The 5 o'clock meeting has been pushed forward 1 hour

The key word here isn't "pushed" but "forward" because, as many others have said, it's ambiguous.

If you replace "pushed" with "moved" then you get:

The 5 o'clock meeting has been moved forward 1 hour

which, to me, is obvious that the new time is 4 o'clock.
posted by mr_silver at 8:22 AM on November 16, 2006


6:00. When you go back in time, you go earlier. So both pushed and forward would make it ahead. Also, with our books, the deadlines get pushed out or moved up, so there is push making it later.

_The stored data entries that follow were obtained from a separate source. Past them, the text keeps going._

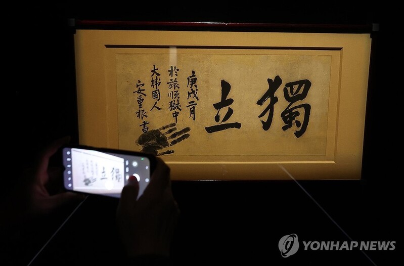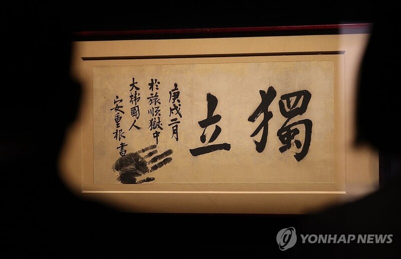 | ▲ 안중근 의사가 애타게 소망했던 독립 (서울=연합뉴스) 김성민 기자 = 23일 오후 서울 종로구 대한민국역사박물관에서 열린 안중근 의사 하얼빈 의거 115주년 기념 특별전시 '안중근 書'에 '독립'이라고 적힌 안중근 의사의 유묵이 전시돼 있다. 2024.10.23 ksm7976@yna.co.kr |
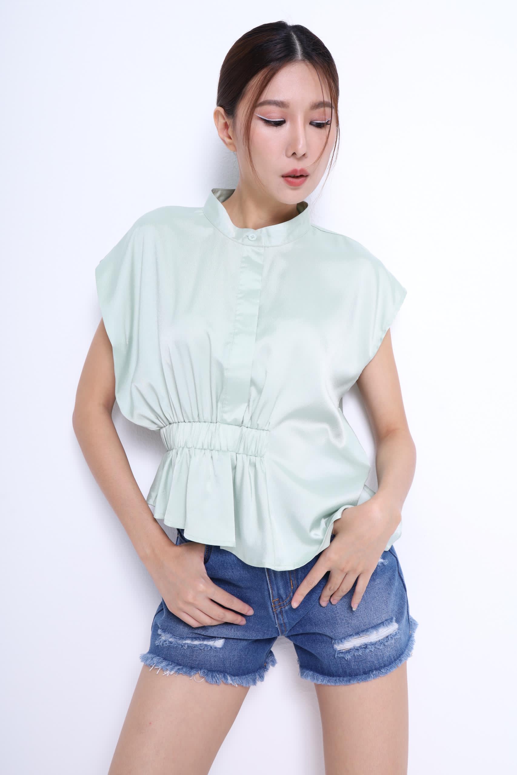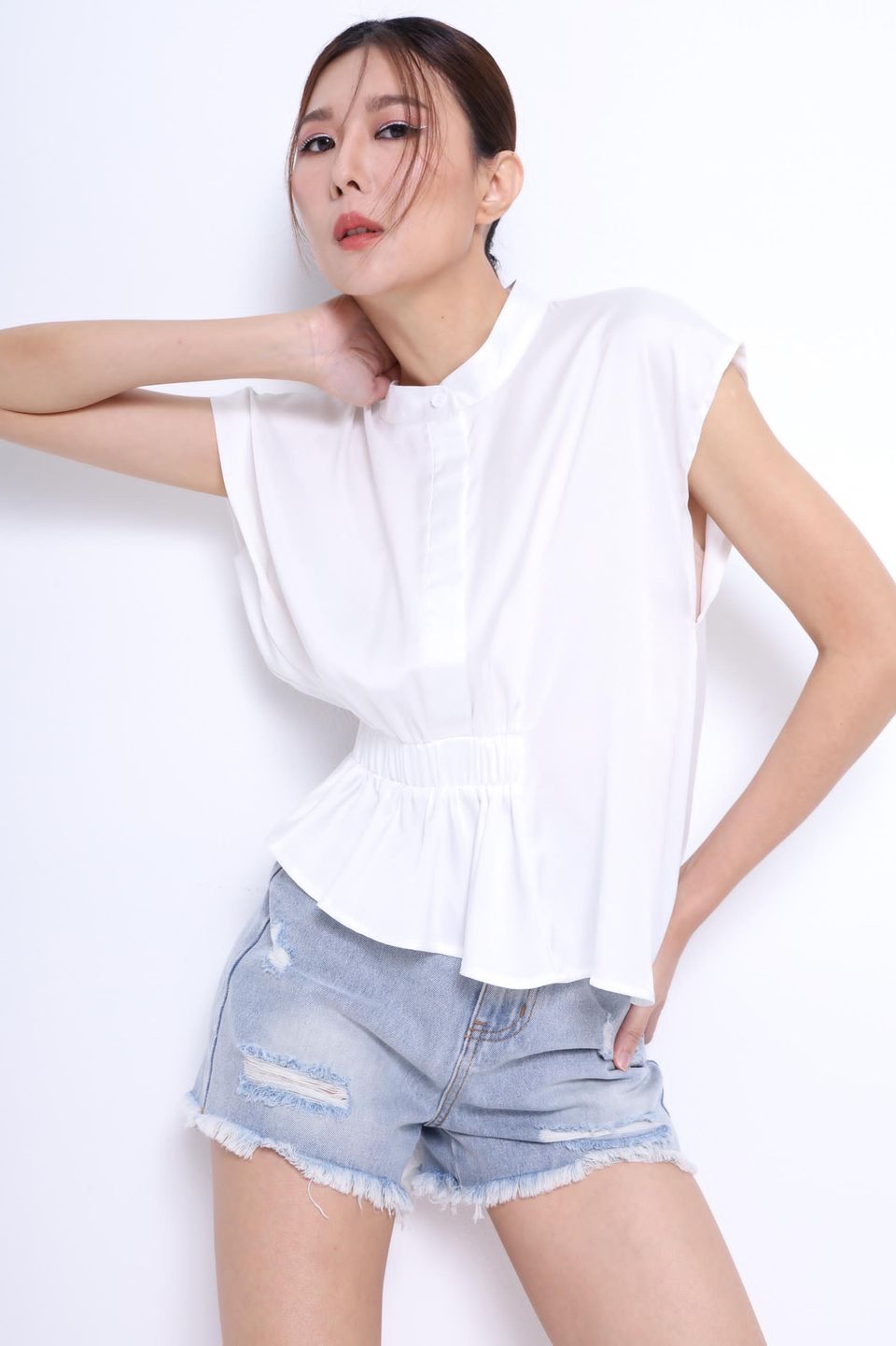 The Pleated Hem Sleeveless Shirt is crafted from lightweight fabric with a minimalist stand collar and relaxed fit for ultimate comfort. The pleated hem detail adds a touch of volume and style, creating a flattering silhouette. Perfect to pair with denim or shorts, this versatile top is your go-to piece for effortless chic everyday looks.
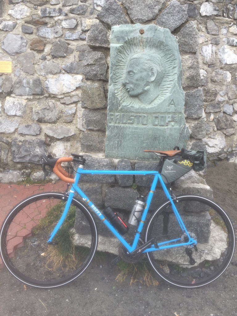 I visit the plaque the the Italian champion Fausto Coppi, and replenish myself at one of the many restaurants.
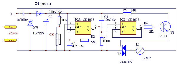 | 電路工作原理:門控開關(guān)電路如下圖,電路采用D型觸發(fā)器CD4013組成開關(guān)記憶電路,IC-A接成單穩(wěn)態(tài)電路,IC-B接成雙穩(wěn)態(tài)電路。GH為常開型干簧管,平時(shí)門關(guān)閉時(shí)GH閉合,。開門時(shí),GH斷開,IC-A的Q1端輸出高電平觸發(fā)IC-B,使Q2輸出高電平,雙向可控硅導(dǎo)通,燈亮,IC-A的單穩(wěn)時(shí)間由R2,C3的數(shù)值決定,圖中元件數(shù)值的單穩(wěn)時(shí)間為7秒,在此時(shí)間內(nèi),無論GH啟閉多少次,Q1均輸出高電平,故在單穩(wěn)時(shí)間內(nèi)開門、進(jìn)門和關(guān)門Q1均保持高電平。單穩(wěn)時(shí)間結(jié)束后,人開門出衛(wèi)生間,Q1又輸出高電平,Q2翻轉(zhuǎn)為低電平,登滅。 |
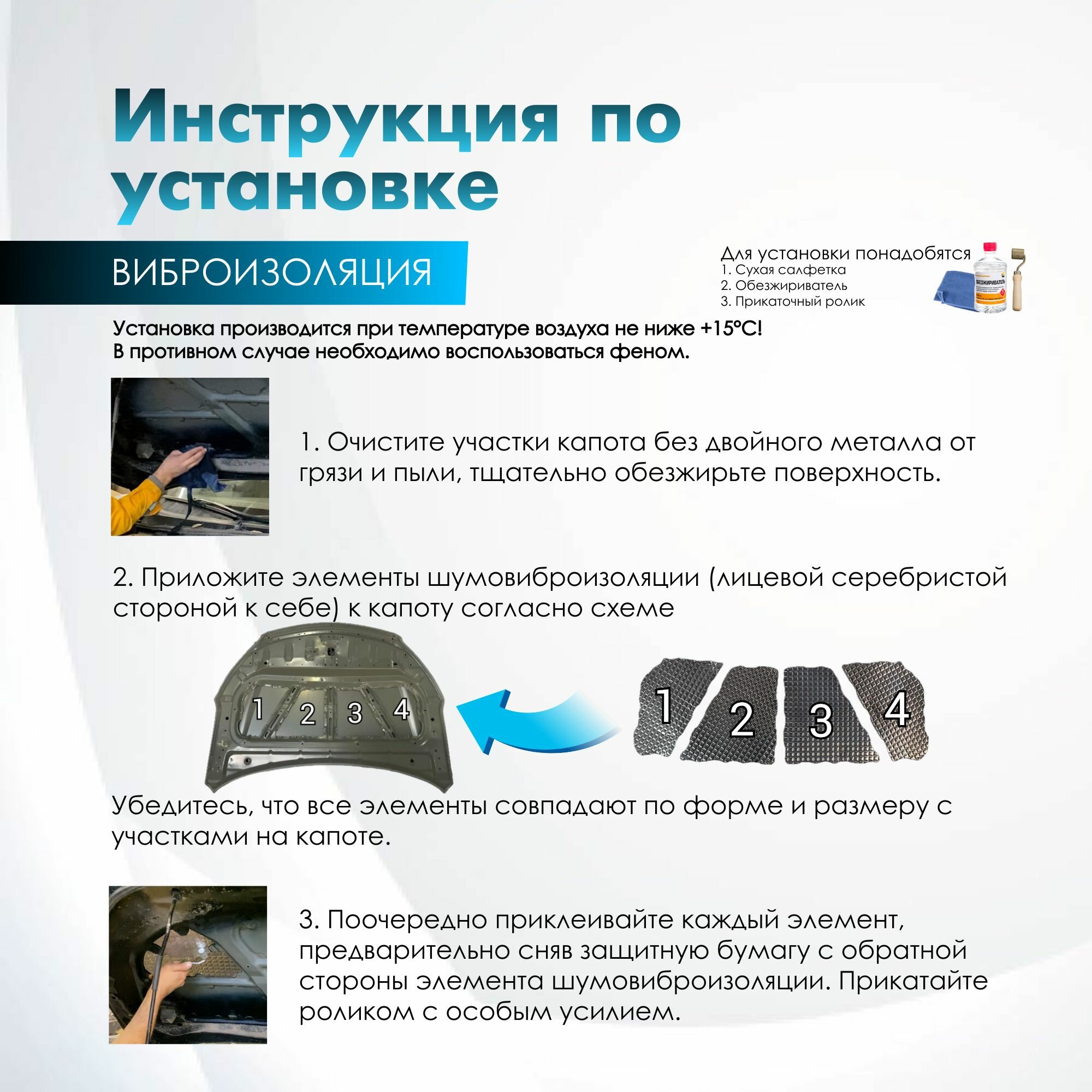 Комплект шумо и теплоизоляции капота Chery Tiggo 7 Pro Max T1E Лада X-cross 5 бутилкаучуковая основа с фольгой 2 мм вспененный каучук 10 мм

Also, for next Saturday, it depends on where in the week you are. On Monday and Tuesday, this Saturday is the one that has just passed, so next is the closest to you. After Wedsnesday, though, this Saturday becomes the one that is coming up, so next is the one after that.
posted by dame at 8:24 AM on November 16, 2006


4:00
Forward == closer to me. I think of "push" referring to the fact the meeting has moved, but has no bearing on which direction it actually moved. I can't gleam which way a meeting as moved from "Push," but "Forward" tells me the direction.
Backwards == away from me.
posted by jmd82 at 8:24 AM on November 16, 2006


I work in publishing where we're pushing print deadlines forward (earlier) and back (later) all the time, so it would be easy to say it would 4.

But no one talks like this for meetings except marketing assholes.
posted by Brandon Blatcher at 8:26 AM on November 16, 2006


Yeah, but Brandon, I work in publishing and here we don't say that. I think it's just one of those things.
posted by dame at 8:29 AM on November 16, 2006


I think it is helpful to look at various combinations of words. To me, the following are utterly unambiguous:

moved forward 1 hour = 4:00
moved back 1 hour = 6:00
pushed back 1 hour = 6:00

The actual construction is somewhat confusing to me because I associate push with 6:00 and forward with 4:00, but in my mind I settled on forward as "stronger" and went with 4:00. I think the person who said "pushed forward" is the source of all the trouble and needs to be retrained. ;)

The people who hold that "forward" implies later on a timeline baffle me. Would they really think that "moved back" or "pushed back" meant the meeting was one hour earlier? Inconceivable. Maybe they just assume all change = delay, which means they may work for the same clients I do.
posted by Lame_username at 8:35 AM on November 16, 2006


Batter the person who sent the email.

"the 5pm meeting is now at 6"

...or 4
posted by craven_morhead at 8:36 AM on November 16, 2006


The people who hold that "forward" implies later on a timeline baffle me.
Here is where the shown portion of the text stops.